There’s not much I won’t talk about on the blog.
It’s my outlet, my therapy, my little world.
I feel comfortable sharing personal struggles and joys with you.
Even knowing that I can’t really know everyone who is reading this: I still feel okay “spilling it all.”
But when I found out that my son would be having a different teacher than the one we expected at school this year, I was very relieved that he would not be in the class of that teacher who blogs. Hypocritical blogger, much?
Nope, didn’t want him to have her.
Because what if she blogs about him?
I know I blog about him, but I’m his mom.
I love him.
But I know he’s not the easiest student out there.
And he could drive a teacher to blog about the frustration of dealing with him.
Hell, I’ve blogged about some of my more frustrating days with him.
But somehow, it would be different, coming from someone else, someone who doesn’t really know him, someone who doesn’t love him.
This teacher doesn’t exactly advertise her blog to parents but it’s also not impossible to find. I happened upon it while doing a search for a specific blogging niche.
I could see myself being a blog stalker: did she write about him today? Is that vague mention of a really rough day because of my son?
Or maybe I’d have to snottily tell her “I read your blog” so she’d know not to mention him.
But then wouldn’t that take away her safe space to spill whatever she needs to spill? That’s not really fair.
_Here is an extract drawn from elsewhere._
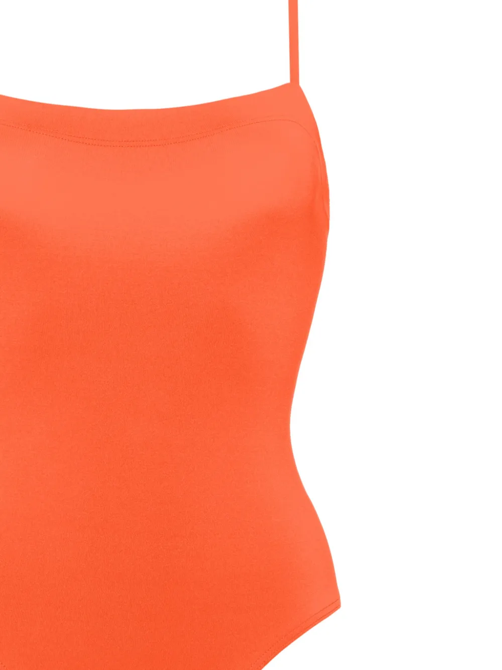 mandarijnoranje stretch design spaghettibandjes vierkante hals klassieke bikinislip Zwemkleding moet over je eigen kleding worden aangepast.

And who knows? Maybe his current teacher has a blog, too, and I just don’t know about it. Perhaps I should go spend some quality google time looking…
For the record, I read a lot of blogs written by teachers. And I’ve never read any posts of theirs that made me think omg, they shouldn’t be blogging about other people’s kids like that! The majority are very professional when they talk about their students/jobs. No real reason to think this teacher is any different. Except that when it’s my own kids, rational thought tends to fly right out the window.